Quylla aceitou o manto do Magus, tirando o nó e guardando-o dentro de um dos bolsos antes de vesti-lo.
“Eu também poderia dizer muitas coisas sobre os primeiros dias da expedição a Kulah, mas você está certo. Eles não são adequados para este dia e trazem muita dor.” Quylla olhou para a cadeira de Phloria e um sorriso fino apareceu na lembrança de Morok confundindo-a com um homem.
“O que posso dizer é que, apesar de seus altos e baixos, estar com você nunca foi entediante.
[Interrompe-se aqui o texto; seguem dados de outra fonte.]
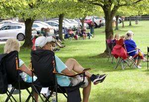 Residents gather under the shade of trees during the concert and later to avoid a few raindrops.
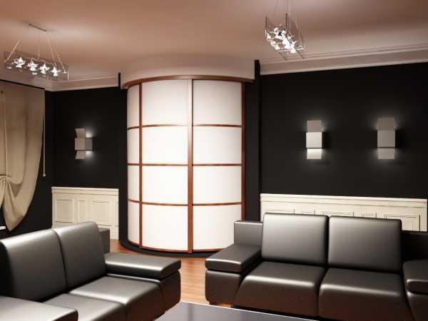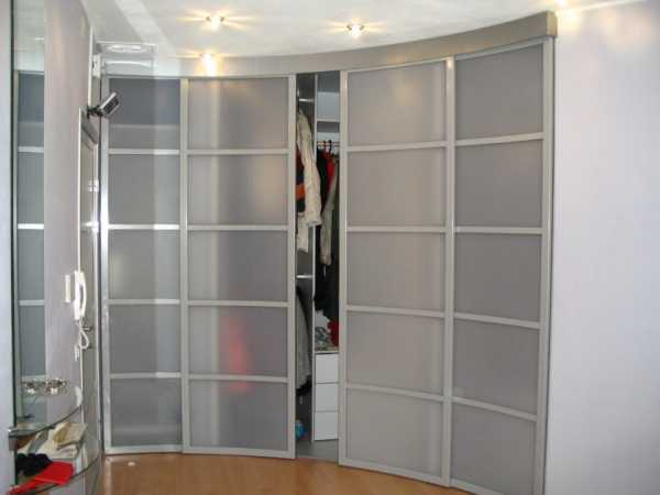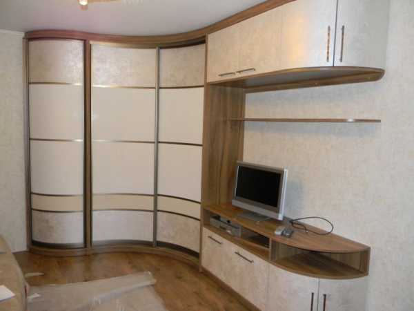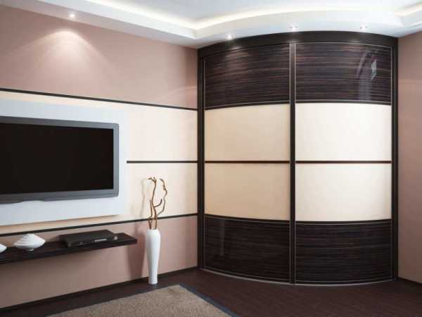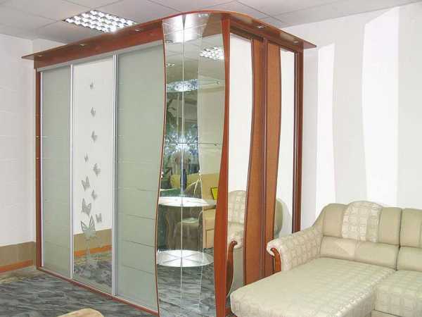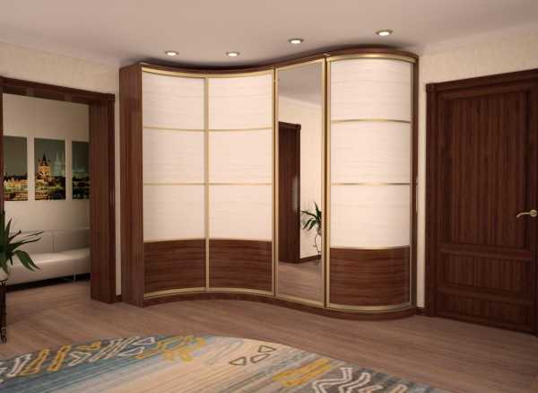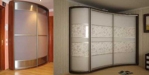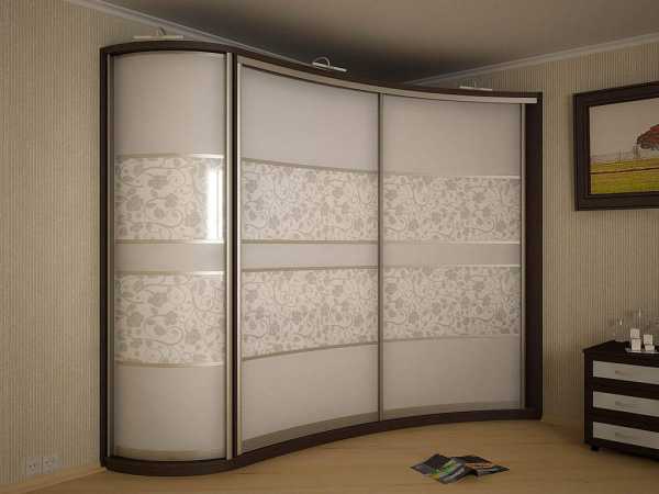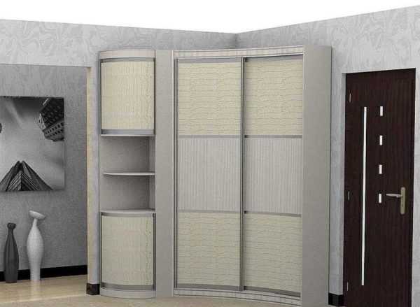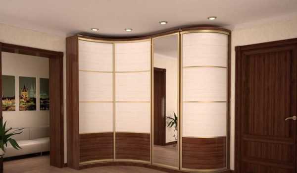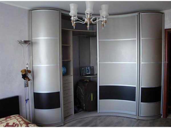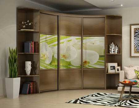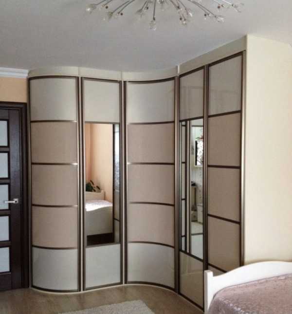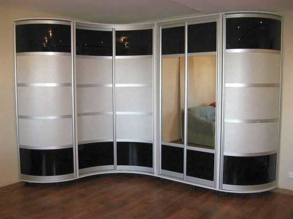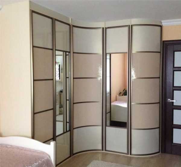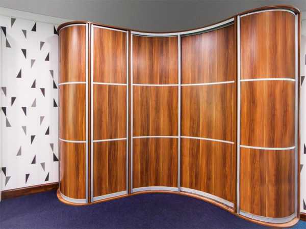 - Радиальные угловые шкафы купе. Так называют те модели, у которых стенки или фасады не ровные, а изогнутые. Такие модели смотрятся более современно, плавные линии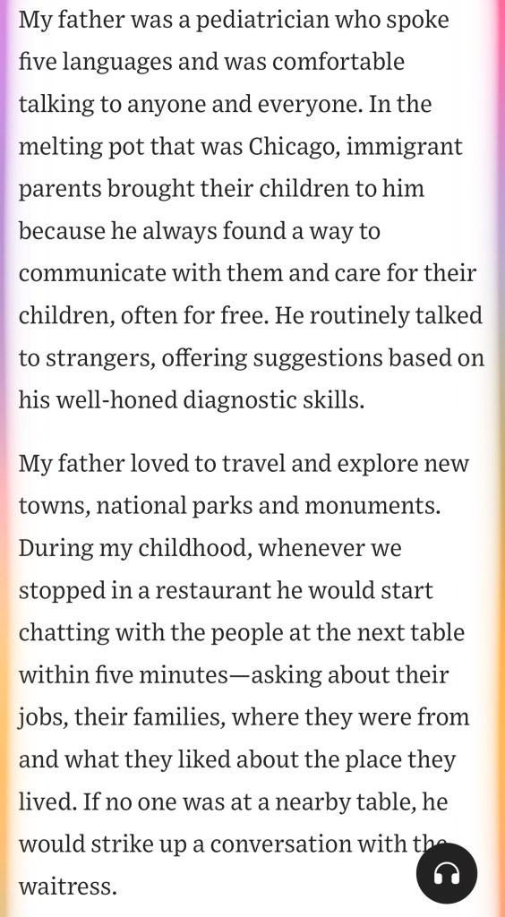 Thank you, Lois, for sharing this. I don’t comment often enough, but this one really touched me. It is also proof that you and Eliot are going to live to be 125 years old!!!!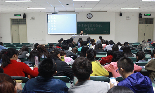 【必赢242net官网新闻中心讯 人文学院记者站/文 史一鸣/图】为增强新生安全意识,提高自我保护能力。10月20日晚,人文学院在贺兰山校区文科楼132教室举办了安全知识教育讲座。讲座由学校保卫处安全管理科科长张俊伟主讲,学...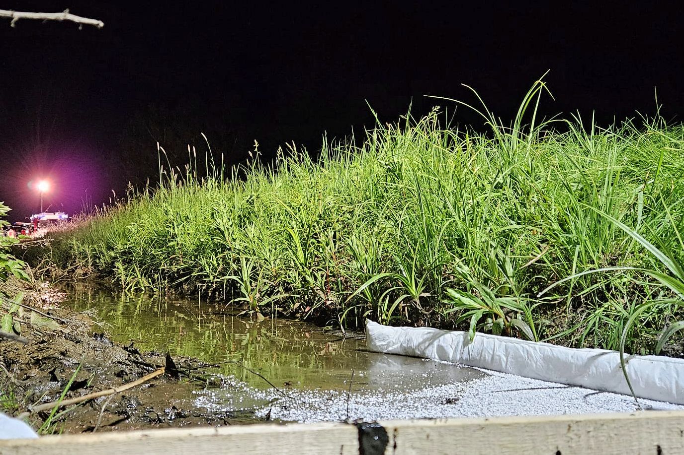Nachdem der brennende PKW in unmittelbarer Nähe zu einem Kanalschacht zum Stillstand kam, gelangte eine geringe Menge Dieselkraftstoff in die Kanalisation und in weiterer Folge in den „Sieghartser Bach“. Die Einsatzkräfte errichteten noch während dem Brandeinsatz eine Ölsperre und dichteten die Kanalschächte ab.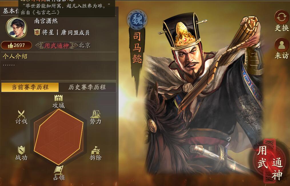 前言:本文首发【三战配将君小帮手】的公众号,未授权禁止“抄袭文章”到其他平台。 作者:三国志战略版配将君 大家好,我是三战配将君,每天帮你配将开荒冲榜,和你说求贤令的武将选择,希望能帮到你! 三国志战略版目前的环境里,说起司马懿的队伍都是太尉盾的玩法,曾经风靡一时的郝昭司马盾不知道在什么时候真的退出了舞台!相信很多玩家会在高红郝昭和白板满宠之间直接选择后者,然后开启太尉盾的玩法!可最近来自北京地区

Você me fez rir mesmo quando era impróprio e, quando fico brava com você, nunca dura muito tempo.
“Por mais rude que seja o que você faz ou diz, nunca há maldade em você. Quando penso no tempo que passamos juntos, mesmo em nossas discussões, faz-me sorrir porque você sempre foi honesto comigo, dizendo-me o que eu precisava ouvir em vez do que eu queria ouvir.”
Com um estalar de dedos, Lucky trotou do lado de Orion até ela. O grande Ry de pele vermelha usava uma grande gravata borboleta preta na coleira e carregava uma pequena caixa em sua boca.
Era heterodoxo também, já que cabia à dama de honra carregar o presente de noivado.
Quylla abriu a caixa, revelando uma chave ornamentada de Oricalco com uma pedra de mana violeta do tamanho de uma ervilha de cada lado. Estava envolto com um nó de noivado que passava pelo buraco na cabeça para que não interferisse com a fechadura.
“Este é o meu presente de noivado. É a chave da casa que meus pais me deram e que assinei em seu nome.” Ela entregou a ele, deixando Morok e seus pais boquiabertos.